I am trying to do a very basic shape connecting 4 points. I have a plot that looks like this currently. However I cannot seem to find a module that can appropriately generate an oval that connects all four points. The four points will all vary (they are results of a test, intended to show how much of each attribute someone has). I have found many modules to create rectangles, ellipses or circles, but none of these shapes will consistently align with the points. Is there a more generic module that can connect all four points in a shape more like an oval?

I've also seen some modules that could create an arc between two points, which I thought might be useful, I could do this for all four points. When I tried to do this, it required inputs related to the arc angle, which I would not know how to calculate. Any help on this is much appreciated!

Here is the code that I am using to generate the image shown.

import matplotlib.pyplot as plt
import numpy as np

# Axes go from 0 to 100%
fig,ax = plt.subplots(figsize=(15,12))

x = [-40,-20,20,20]
y = [-40,20,20,-20]

plt.scatter(x,y)
ax.fill_between([-100, 0],-100,0,alpha=0.3, color='#1F98D0')  # blue
ax.fill_between([0, 100], -100, 0, alpha=0.3, color='#F9D307')  # yellow
ax.fill_between([-100, 0], 0, 100, alpha=0.3, color='#F38D25')  # orange
ax.fill_between([0, 100], 0, 100, alpha=0.3, color='#DA383D')  # red
plt.axis('off')
plt.show()

Solution

The following approach creates an interpolating spline through the 4 points to create a "basic form". An advantage is that it also works when there are 3 or more than 4 points.

import matplotlib.pyplot as plt
from scipy import interpolate
import numpy as np

fig, ax = plt.subplots(figsize=(15, 12))

x = [-40, -20, 20, 20]
y = [-40, 20, 20, -20]

ax.scatter(x, y, zorder=3)
ax.fill_between([-100, 0], -100, 0, alpha=0.3, color='#1F98D0')  #blue
ax.fill_between([0, 100], -100, 0, alpha=0.3, color='#F9D307')  #yellow
ax.fill_between([-100, 0], 0, 100, alpha=0.3, color='#F38D25')  #orange
ax.fill_between([0, 100], 0, 100, alpha=0.3, color='#DA383D')  #red

tck, u = interpolate.splprep([x + x[:1], y + y[:1]], s=0, per=True)
unew = np.linspace(0, 1, 100)
basic_form = interpolate.splev(unew, tck)
ax.plot(basic_form[0], basic_form[1], color='lime', lw=2)
ax.fill(basic_form[0], basic_form[1], color='lime', alpha=0.3)

ax.axis('off')
plt.show()

The same approach also works when an oval form would be impossible to fit, or would be much too large:

Note that to uniquely define an ellipse, 5 points are needed (but not every 5 random points can fit an ellipse). If you really need an ellipse, to find the smallest one through 4 points is quite cumbersome.
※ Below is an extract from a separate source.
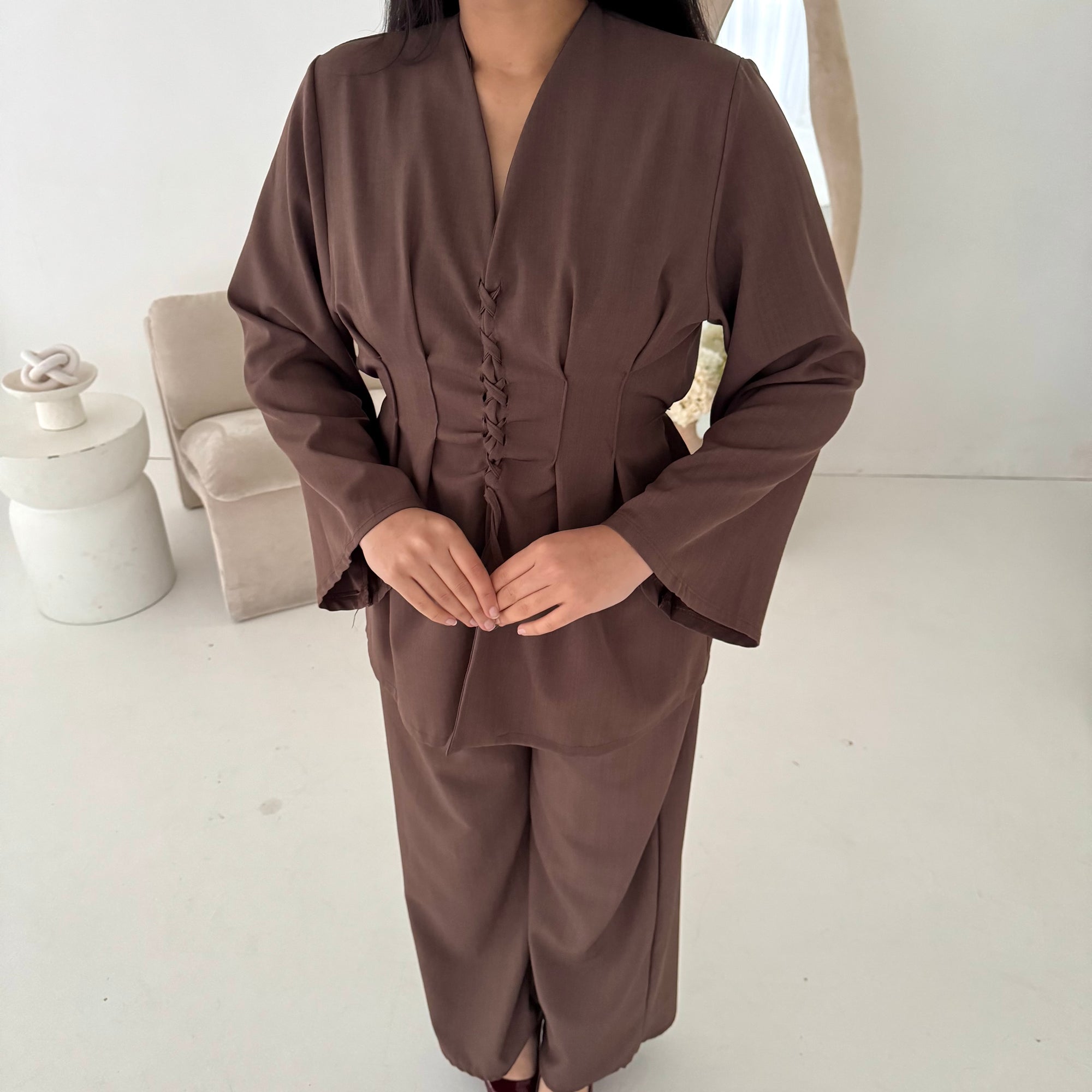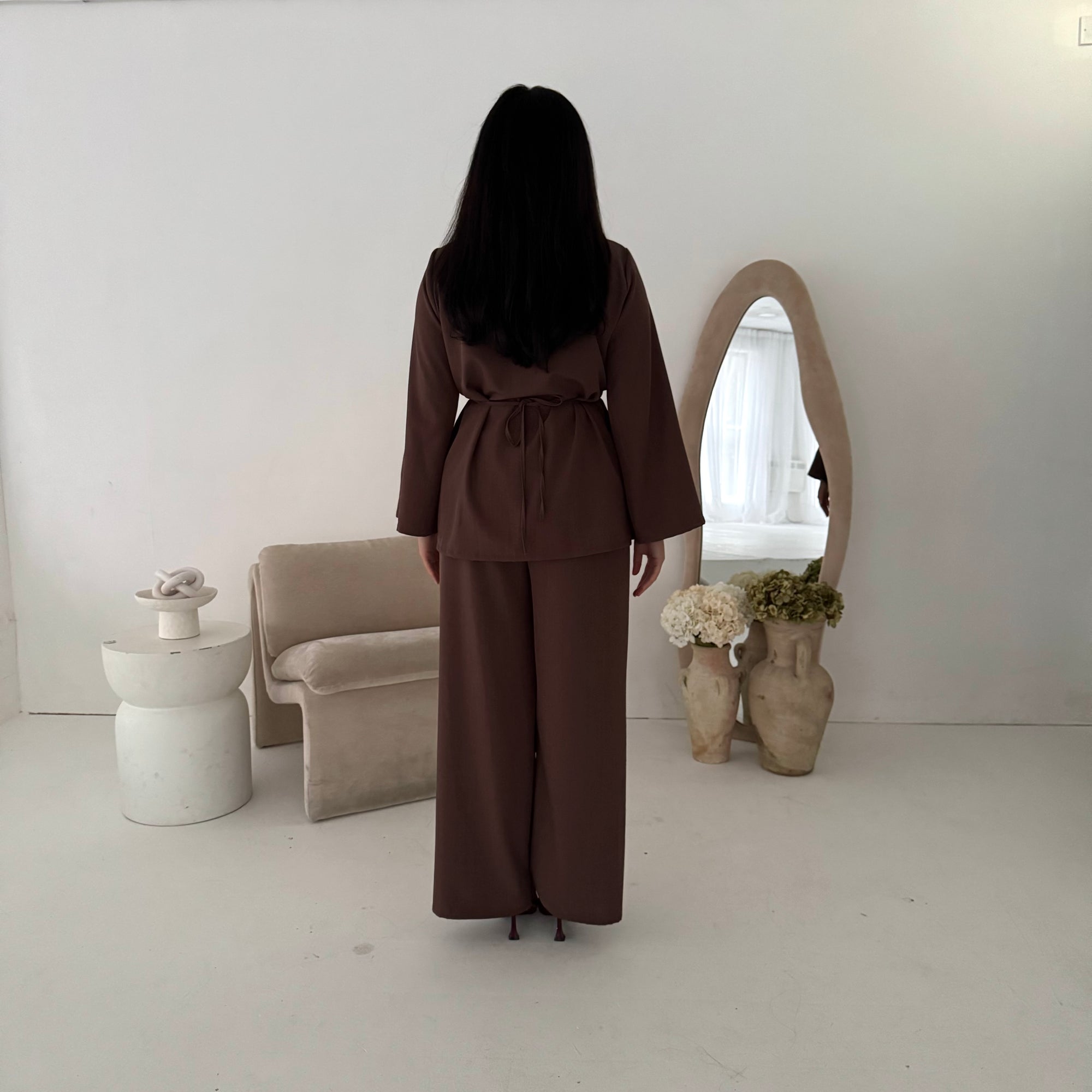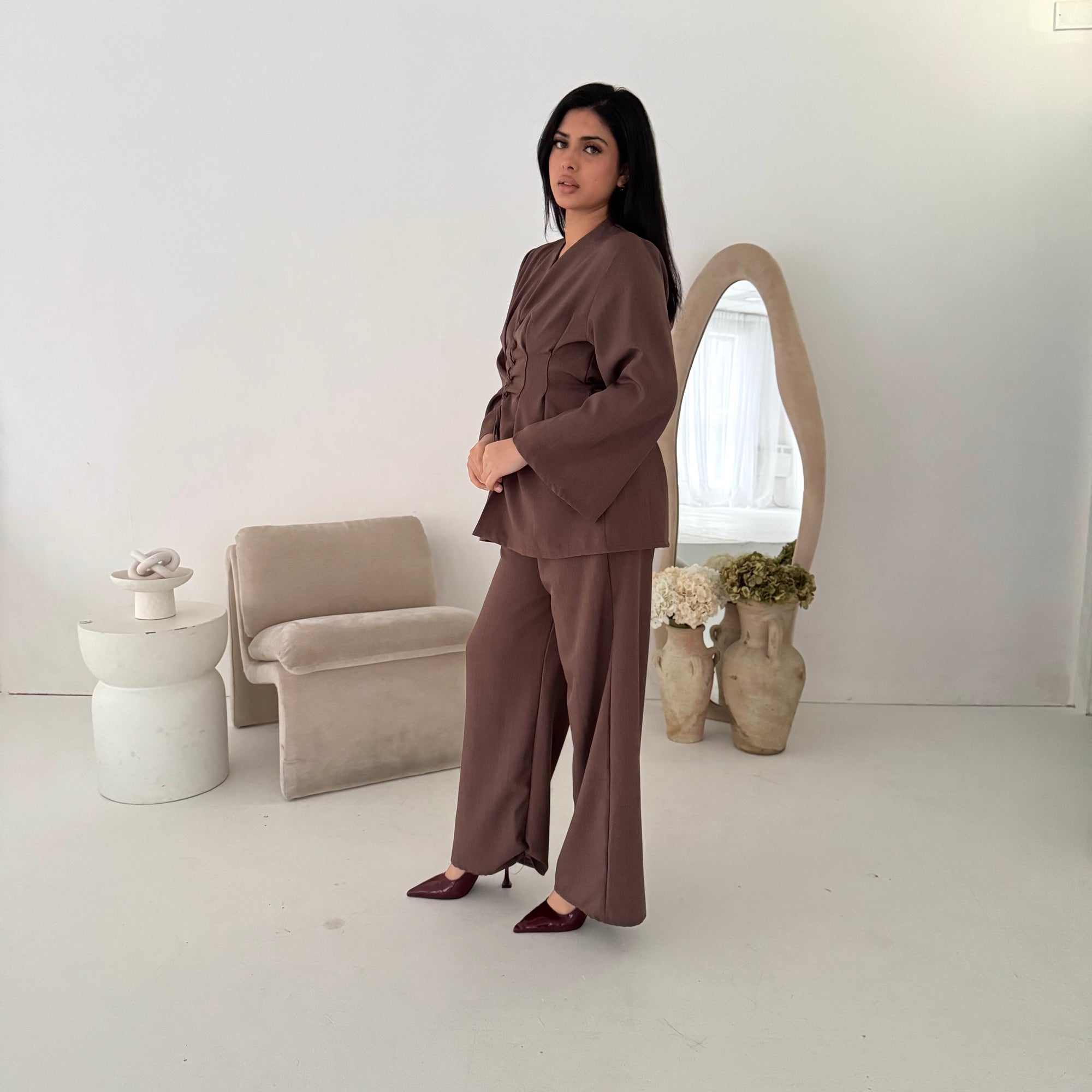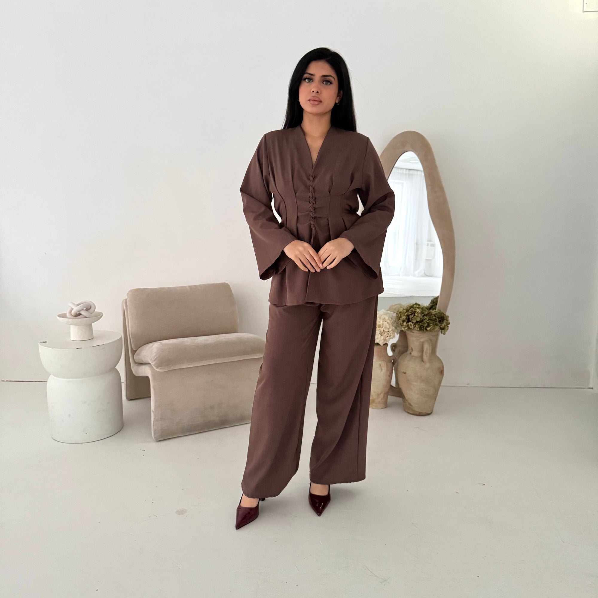 Anna Brown V Neck Pleated Front Tie Co Ord Set

Here is the start of an approach which defines an ellipse as the points where the sum of the distances to the two foci ((x0,y0) and (x1,y1)) is a constant a. Then some minimal a for which a solution exists could be searched for.

from sympy import symbols, sqrt, Eq, nsolve

a, x0, y0, x1, y1, xi, yi = symbols('a x0 y0 x1 y1 xi yi', real=True)
ellipse = Eq(sqrt((xi - x0) ** 2 + (yi - y0) ** 2) + sqrt((xi - x1) ** 2 + (yi - y1) ** 2), a)

x = [-40, -20, 20, 20]
y = [-40, 20, 20, -20]

ai = 85
sol = nsolve([ellipse.subs(xi, i).subs(yi, j).subs(a, ai) for i, j in zip(x, y)], (x0, y0, x1, y1), (-10, 0, 10, 0))